Never used facebook, myspace, friendster, etc. Big data scares the shit out of me.

It's so creepy how content is personalized now. They create a reality to confirm your bias and then sell it back to you. 

No, its not. Thanks to Facebook.

If the Justice Department on behalf of the FCC has shut down Facebook this week; Google would be up and running with a better platform with in 6 hours.

I trust Google of all the high-tech giants being poked this week about personal security.

fb is gay

Gay is good. 

how do facebook users feel about their personal data being exploited well-beyond the bannon/trump cambride analytica scenario?

 

'Utterly horrifying': ex-Facebook insider says covert data harvesting was routine

"Hundreds of millions of Facebook users are likely to have had their private information harvested by companies that exploited the same terms as the firm that collected data and passed it on to Cambridge Analytica, according to a new whistleblower. [...] My concerns were that all of the data that left Facebook servers to developers could not be monitored by Facebook, so we had no idea what developers were doing with the data."

https://www.theguardian.com/news/2018/mar/20/facebook-data-cambridge-ana...

 

 

Facebook, like the atomic bomb, is just another example of how the most serious problems on earth are created by the most intelligent people.

Intelligence is overrated.

 

Never used facebook, myspace, friendster, etc. Big data scares the shit out of me.

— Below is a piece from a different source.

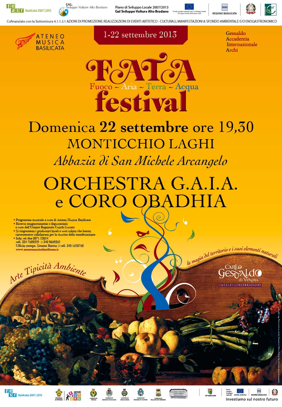 22 settembre, ore 19.30 – Abbazia di San Michele – Monticchio Laghi: concerto dei musicisti dell’Orchestra G.A.I.A diretta dal M° Giovanna D’Amato e del Coro Obadhia diretto dal M° Rocco Baccelliere.
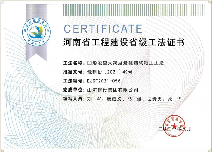 近日,河南省建筑业协会公布了《2021年度第一批河南省省级工法名单》,博鱼网页登陆_博鱼(中国)建设博鱼网页登陆_博鱼(中国)河南公司申报的《凹形凌空大跨度悬挑结构施工工法》成功入选,被认定为河南省工程建设省级工法。

My concerns were that all of the data that left Facebook servers to developers could not be monitored by Facebook, so we had no idea what developers were doing with the data.

 

yep, me too.

What personal data was used? 

zoners love facebook

My wife and I never signed up, nor made Facebook profiles/accounts.

The potential for a plethora of things that could be done with the information they could gather etc...

Scared the shit out of us.

 

Now here we are.

 

>>>>The potential for a plethora of things that could be done with the information they could gather etc...

 

like what?

>>What personal data was used? 

50 Million -

Everything including your pets names, to the Russians, then to Trumps campaign, then Trumps used to the data to win his election, then trying to sell all the personal data again to anyone who's interested.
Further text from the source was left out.